But somebody has to shake the system up,
because Virginians are losing control over their
state government.
Let
us not forget what Warner promised voters when he
ran for governor in 2001.
He won that race by vilifying his opponent
for suggesting that he would ever consider raising
taxes. Remember
his ads? At a
time like this, they said right after 9/11, we
don’t need sleazy politicians running negative
campaigns with false accusations about tax
increases.
Last
year, Warner wanted to raise taxes for
transportation improvements but, giving lip service
to his campaign promise, he kicked the decision over
to the voters. Here in Northern Virginia, we held a
referendum to increase the state sales tax by 11
percent -- half as much as Warner now proposes.
Big
Business, Big Government, and every other big
special interest lined up behind it. They spent $2.5
million to snooker voters into supporting the scam,
along with the governor’s fierce campaigning in
favor of it. The
opponents had only pocket change, one newly elected
junior state senator, a couple of writers, and a
volunteer grassroots operation.
Nevertheless,
the people rejected that tax increase decisively, 55
percent to 45 percent.
If the opponents had equal resources to the
proponents, it would have been defeated at least
three to one. I
know because that was the margin in the debates in
which I participated across the region where the
audience was polled after the discussion.
Moreover,
the same process occurred in Tidewater.
There the voters rejected the same 22 percent
sales tax increase Warner now proposes by a
landslide margin of 63 percent to 37 percent.
Those
of us who opposed holding the referenda, knowing
that we would be hopelessly outspent in an unfair
process, were told, “Why are you afraid of the
voters?”
In
coming back now one year later and scheming to ram
through the General Assembly a tax increase even
larger than the one voters overwhelmingly rejected
last year, Gov. Warner is showing no respect for the
electorate. The same applies to his Republican
allies like John Chichester.
Despite
repeated calls to detail his tax reform agenda for
last month's General Assembly elections, Warner
doggedly refused. Only one reasonable conclusion can
be drawn: If the election became a referendum on tax
increases, Democrats and his Republican allies would
have gone down in flames. In sum, Warner's push for
a tax increase in the 2004 session is nothing less
than a disgraceful attempt to cut the voters out of
the process altogether.
But
the state’s elitists are perfectly OK with that.
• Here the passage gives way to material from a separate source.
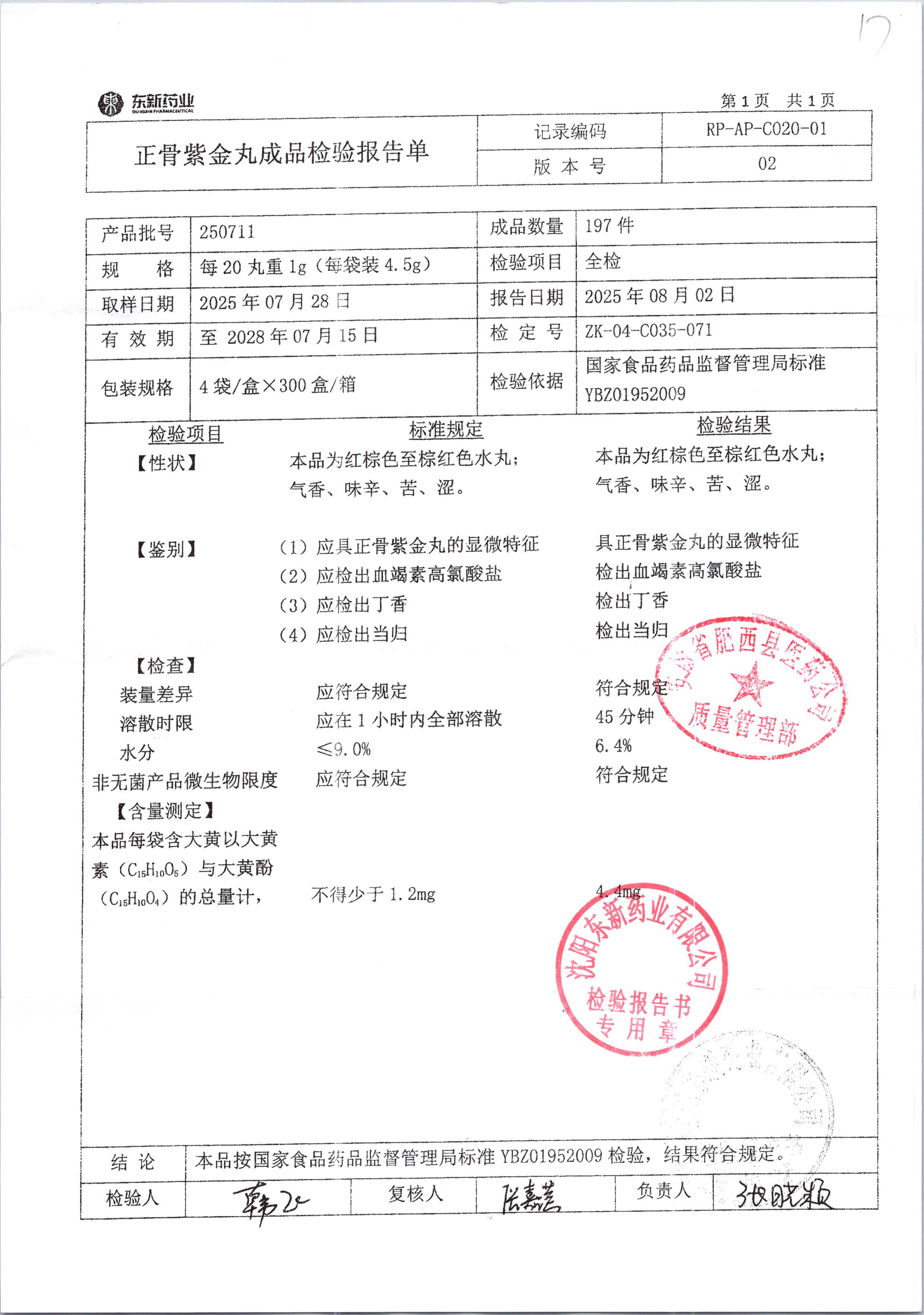 药检报告

On Nov. 25, the day Warner announced his
tax-increase plan, the Washington Post
basically ran his press release on the front page.
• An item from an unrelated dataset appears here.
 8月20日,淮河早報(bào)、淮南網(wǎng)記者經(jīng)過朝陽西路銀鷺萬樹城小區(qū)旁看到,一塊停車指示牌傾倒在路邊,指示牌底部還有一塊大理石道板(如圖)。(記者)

(As an aside, if you are going to be a
sophisticated, intelligent and aware citizen in
Northern Virginia, you have to recognize that the Post
is not actually a journalistic enterprise: It is a
political activist organization posing as a
journalistic enterprise.)
Remarkably,
there will be no public debate on the issue. Who
will sponsor a forum where the other side can be
heard? Will there
even be a debate? You won’t see one at any
of the state’s major business organizations, who
have been taken over by interests who live off the
taxpayers, and now heavily support tax increases on
working people, like the sales tax increase.
If Warner’s back room tax increase gambit
works, then, frankly we will have returned to
taxation without representation.
Whacking
the Economy, and Northern Virginia
The
economy in Virginia has been lousy ever since Warner
was elected. Yet
we never heard any sort of economic recovery
proposal from the governor.
Probably the wealthiest governor in the
history of the state, Warner never seemed to notice
that anyone was suffering.
Now with a recovery just budding, he proposes
to whack it with a tax increase.
Warner
advances an economic theory popular with public
employee unions and government contractors.
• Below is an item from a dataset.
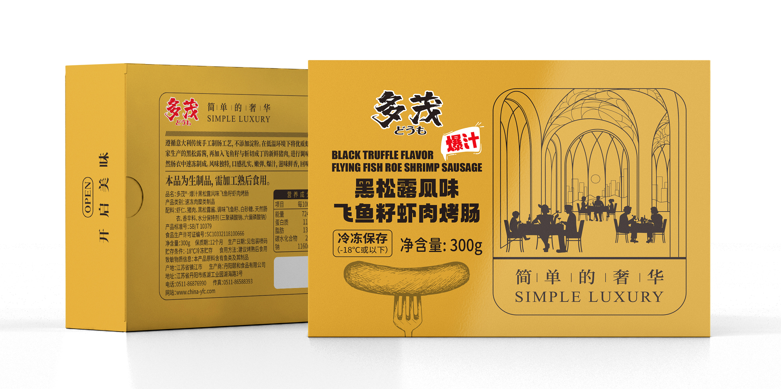 多茂爆汁黑松露风味飞鱼籽虾肉烤肠 遵循意大利传统手工制肠工艺,不添加淀粉。在低温环境下将优质虾肉打碎至起胶,加以适量的自家生产的黑松露酱,再加入飞鱼籽与斩切成丁的新鲜猪肉,进行调味后反复揉拌上劲,最后灌入天然肠衣中速冻制成。风味独特,口感扎实、嫩弹、爆汁,滋味鲜香,回味悠长。

The way to achieve economic growth, he says, is
through higher taxes and government spending. All
the wonderful government services will attract
businesses and highly skilled workers to the state.
But
such special-interest economics has no intellectual
credibility. Higher taxes reduce incentives for
investment, saving, work, and entrepreneurship.
Sure, some level of government functioning is
necessary and productive. Transportation and
education up to reasonable levels do promote
economic growth. But at our current levels of taxing
and spending in the U.S., the negative incentive
effects of taxes predominate.
A
vast economic literature supports this conclusion
unequivocally. Here's the bottom line: In states
that cut taxes, the economy grows faster, along with
personal income and jobs.
In states that raise taxes, the economy
declines, with much slower growth in income and
jobs.
Indeed,
experience shows that states that raise taxes
paradoxically suffer chronic deficits thereafter,
while states that cut taxes enjoy budget surpluses.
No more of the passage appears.